Буфет у стены слушал их разговор и мрачнел, — высверкивал стекляшками, хмурился резниной и завитками.
Утром следующего дня, расшифровав цифровой замок, К. М. отворил дверь, обитую рыжим дерматином, вошел в кабинет с одним окном и еще одной дверью, ведущей в подсобное помещение с рукомойником, туалетными приспособлениями и электрической плиткой на фанерной тумбочке, и понял, что происшедшее за минувшие сутки — почти настоящая жизнь, и она ставит обязательства и требует их исполнения с той серьезностью, на какую способен исполнитель. Это было крепкое ощущение, дающее ясность предстоящего дня, и исполнитель был сама серьезность. Он положил на стол рядом с телефоном пакет с завтраком, роман графа Льва Толстого, две пачки сигарет и осмотрелся.

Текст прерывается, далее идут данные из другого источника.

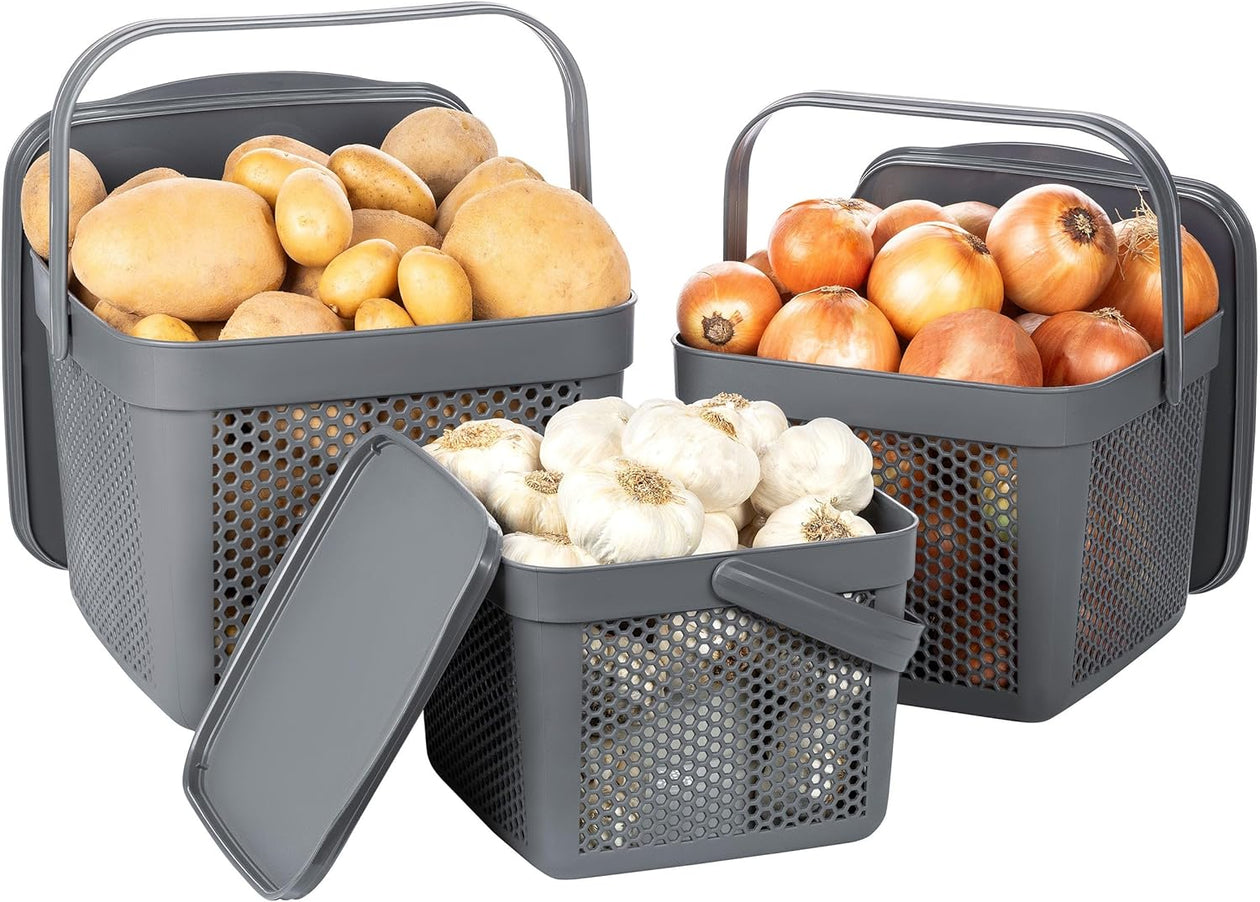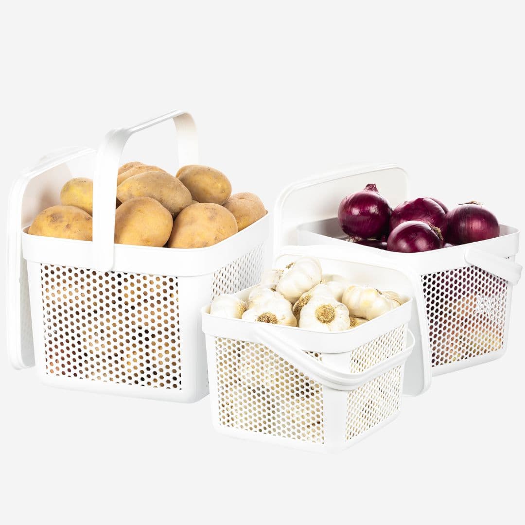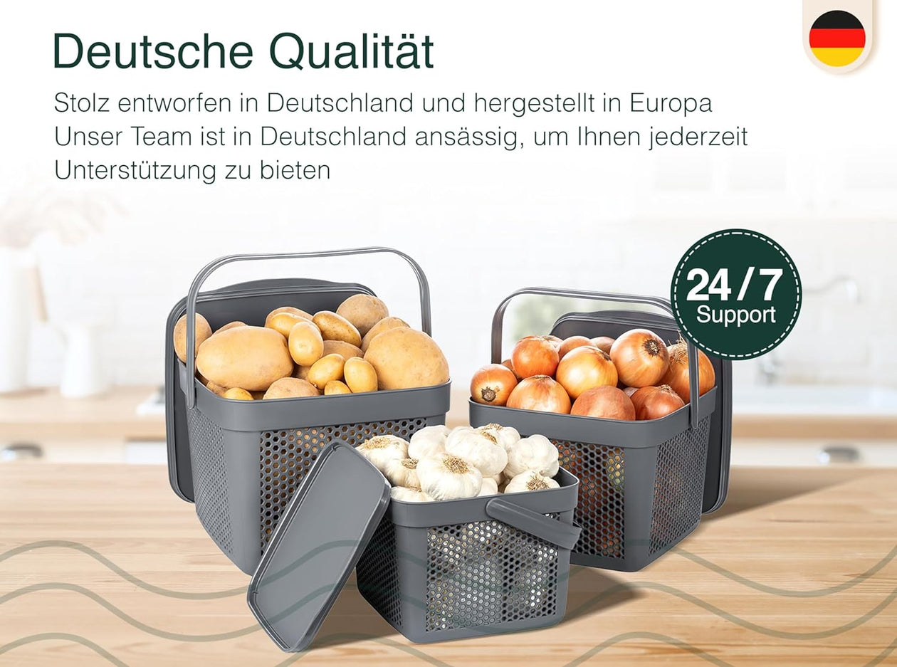 - IDEALE GEMÜSE AUFBEWAHRUNG: Das ideale Aufbewahrungsbox / Vorratsdosen für Kartoffeln, Zwiebel und Knoblauch mit Luftlöchern um Ordnung in Ihrer Küche zu schaffen und Ihre Vorräte frisch zu halten. Ganz besonders als Kartoffel Aufbewahrungsbox
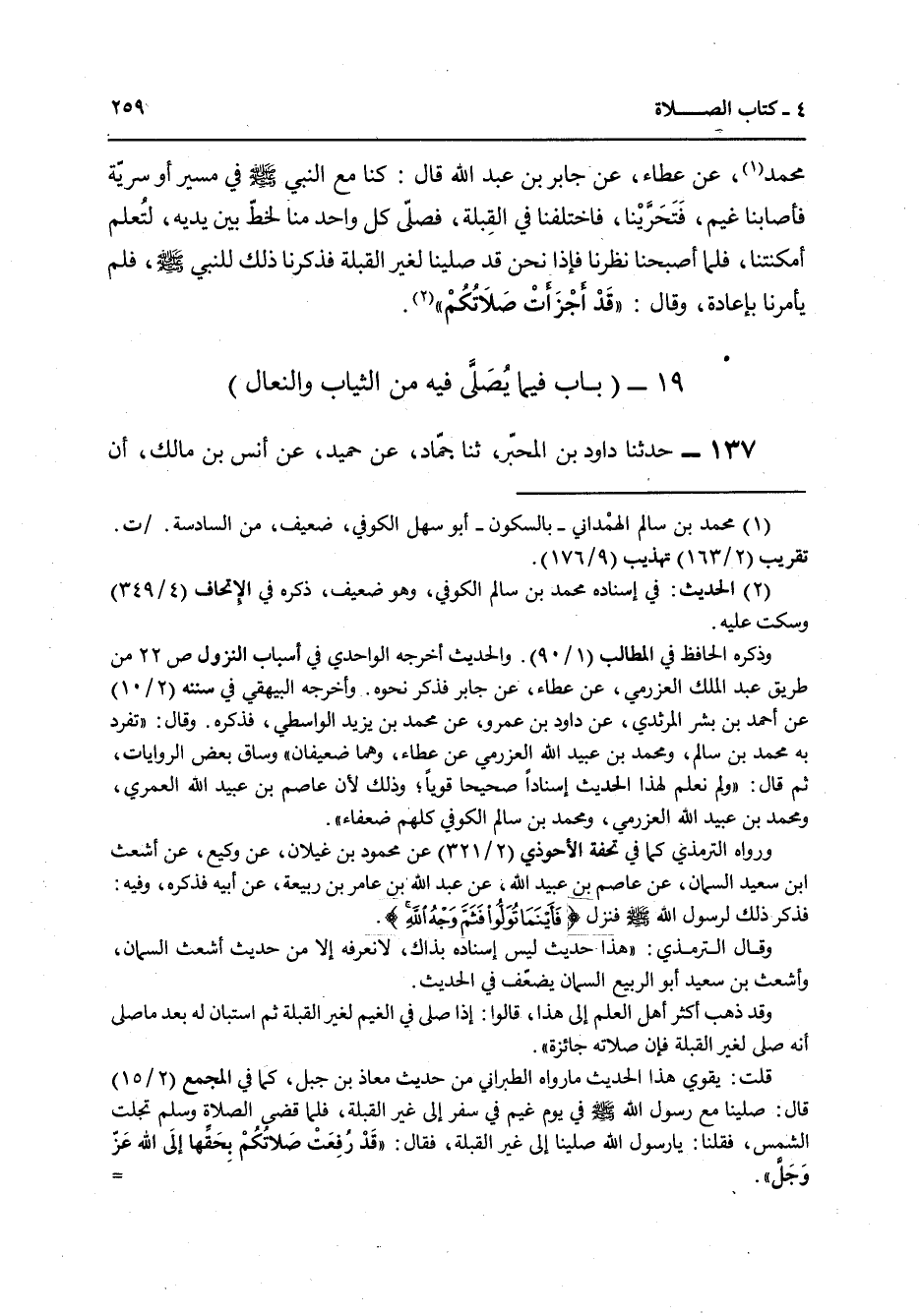 137 - حَدَّثَنَا دَاوُدُ بْنُ الْمُحَبَّرِ، ثنا حَمَّادٌ، عَنْ حُمَيْدٍ، عَنْ أَنَسِ بْنِ مَالِكٍ أَنَّ رَسُولَ اللَّهِ صَلَّى اللهُ عَلَيْهِ وَسَلَّمَ «§خَرَجَ مُتَوَكِّئًا عَلَى أُسَامَةَ وَعَلَيْهِ ثَوْبٌ قَطَرِيٌّ مُتَوَشِّحًا فَصَلَّى بِهِمْ فِيهِ لَيْسَ عَلَيْهِ غَيْرُهُ»
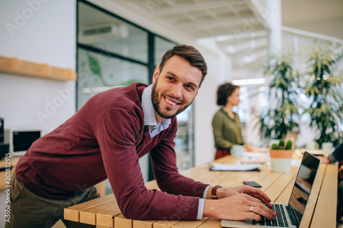 business, people, person, happy, corporate, cheerful, occupation, office, adult, work, job, professional, co-worker, joyful, satisfaction, successful, technology, smile, young, colleague, employee, workplace, satisfied, digital, smiling, table, attractive, elegant, confident, motivated, entrepreneur, looking, hand, interior, caucasian, connected, businessman, man, male, photogenic, standing, laptop, computer, bearded, typing, project, idea, design, plan
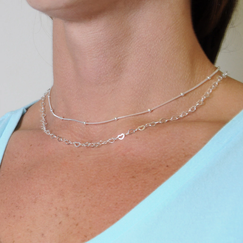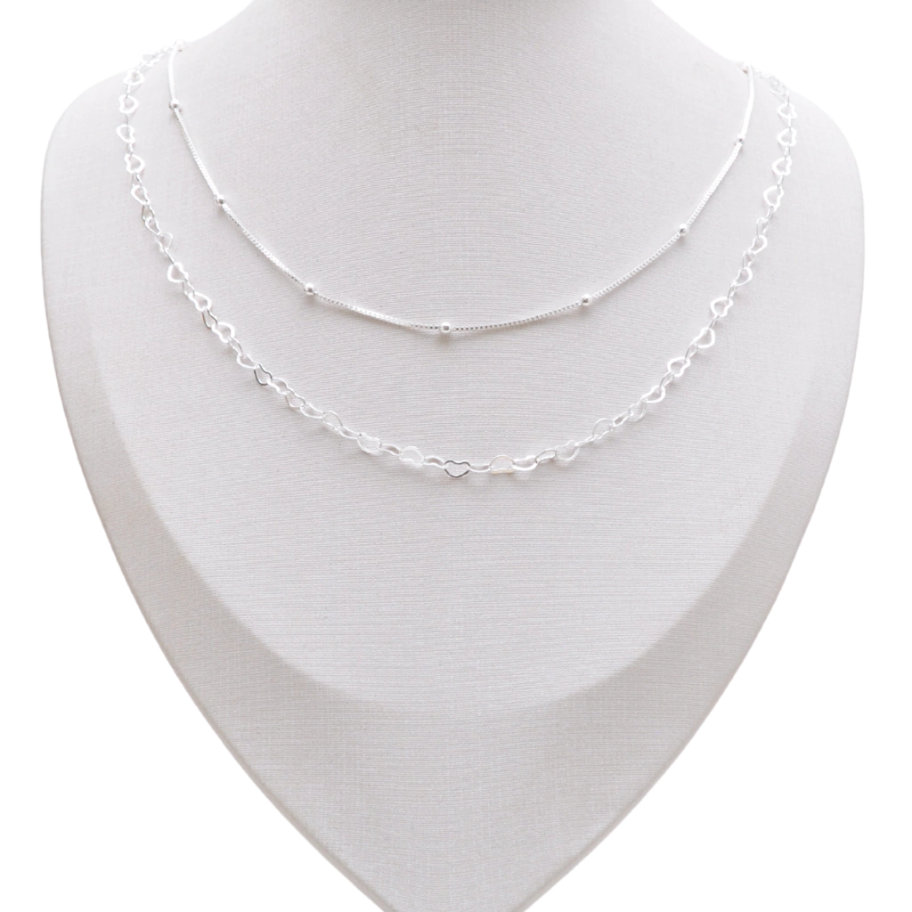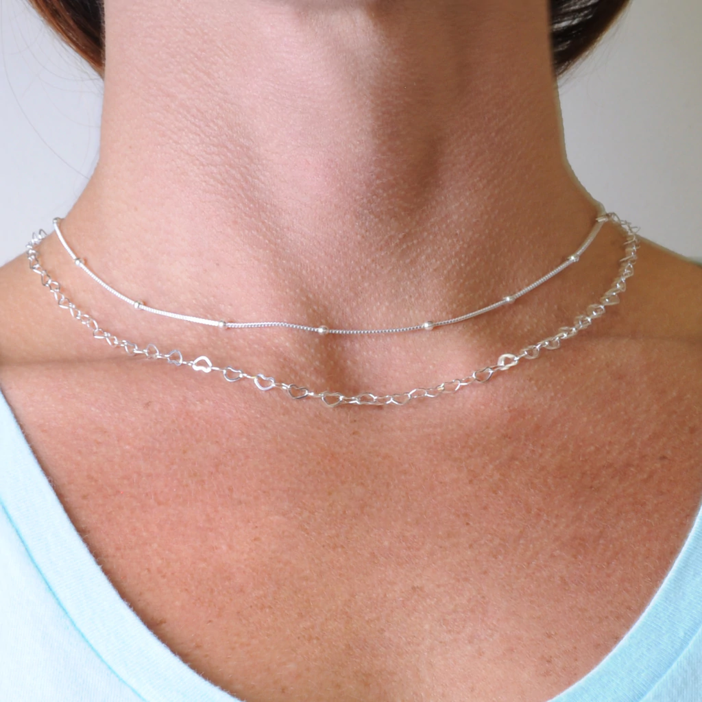 Kit 02 Colares Bolinha 40cm + Coração 45cm Banhado a Prata 925

Глухую стену кабинета занимал рукописная газета «За творческое утешение», как и полагалось во всяком учреждении.
— И снова мой переменился сон, — вслух, из привычки к отстранению себя, произнес К. М.
Заголовок газеты когда-то был написан акварелью или гуашью, но от времени так выцвел, загрязнился, покрылся мушиными точками, что казалось, будто его нарисовали цветными слюнями и не потрудились вытереть. Текст шел на четырех колонках от руки, разными почерками, словно рука писавшего то удлинялась, то укорачивалась.
К. М. прочитал «наши достижения». В цифрах и графиках, составленных довольно небрежно, кое-как, на живую нитку, лишь бы отвязаться, все же ощущался трудовой напор, мастерство и поиск молодых, как и по всей стране, однако из сравнительных данных выходило, что индекс утешения неуклонно падал, и это огорчало. В «вестях из-за рубежа» тоже ничего примечательного не просматривалось, — высказывания различных президентов, какие есть, от американского до президента общества любителей подледного плавания; рассуждения о практике утешительства на дальнем и ближнем востоках и в других регионах. Колонка «черного юмора» также не находила отклика в душе, взирающей на мир без улыбки. А вот «советы утешителю» стоило выучить, это могло пригодиться. Первый совет гласил: «пауза — союзник утешителя». И все, а что делать с этой паузой, не говорилось. Следующий совет утверждал: «прокладывая мосты понимания, не забудь про опоры». И так далее.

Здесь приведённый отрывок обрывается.